In dealing with the second issue first—that is, in respect to a charge—the Leader of the House correctly identified that it is quite plain on its face that standing order 179(a) necessarily applies because it increases the scope of a charge, and it is noted in the memorandum from the Clerk that the incentive for employers to pay their superannuation contribution is that if they fail to do so or fail to do so in full they are liable for a superannuation guarantee charge. That is necessarily the case.

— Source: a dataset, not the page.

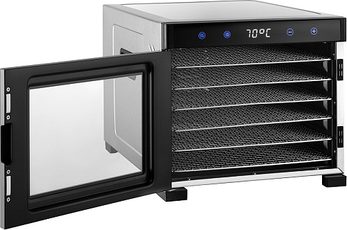 Оснащен 6 сушильными пластинами из нержавеющей стали, двумя лотками RAW, которые идеально подходят для сушки жидких и мягких ингредиентов, 6 лотков для трав.

Dealing with the second issue with respect to appropriation, could I refer the House—and I have previously touched upon these issues, but perhaps not in great detail—to an advice of Sir Garfield Barwick, when he was the Attorney-General, on 20 February 1962. In the advice he in turn referred to the passage from the book, The British Budgetary System, by Sir Herbert Brittain, published in 1959. I quote from that:
Underlying the parliamentary procedure on supply is a rule of the House of Commons which is of fundamental importance. It is enshrined in a standing order, which, in its earliest form, was passed in 1706 and is which now, according to the relevant standing order that existed in the House of Commons, this House will receive no petition for any sum relating to public service or proposed upon any motion for a grant or charge upon the public revenue whether payable out of consolidated fund or out of money to be provided by parliament unless recommended from the Crown.
The significance of that is that it notes a principle going back to 1706. The Leader of the House has referred to the debates of our founding fathers—our constitutional fathers—who were well aware of that heritage and adopted the same principles in our Constitution. Indeed, the author, Sir Herbert Brittain, summarised:
Only the Crown therefore can initiate proposals for expenditure in the House. The Crown's right and responsibility in this respect are exercised by ministers in the government of the day.
That is reflected in standing order 180, which requires a message from the Governor-General, which message is given on the advice of the day.
The Clerk's advice appropriately refers to Pape's case by way of footnote. That was a recent decision of the High Court of Australia and that also confirmed the principle. I also refer to the fundamental principle described by the High Court in Combet's case, where the majority judgment of justices Gummow, Hayne, Callinan and Heydon noted that it is the executive government which begins the process of appropriation. This the executive government does by specifying the purpose of the appropriation by message to the House of Representatives.
Again, that message comes from the Governor-General. Similarly, in that case Justice Kirby referred to the discussion in the issue in Lane's Commentary on the Australian Constitution of 1997 and concluded that:
… the initiative for proposed appropriations belongs to the Executive Government, in accordance with s 56 of the Constitution.
Again, the will of the executive being referred to in the message of the Governor-General, with the Governor-General acting on the advice of the executive of the day. So, with respect, Mr Speaker, your ruling is entirely consistent with the standing orders but, more than that, it is entirely consistent with our Constitutional heritage.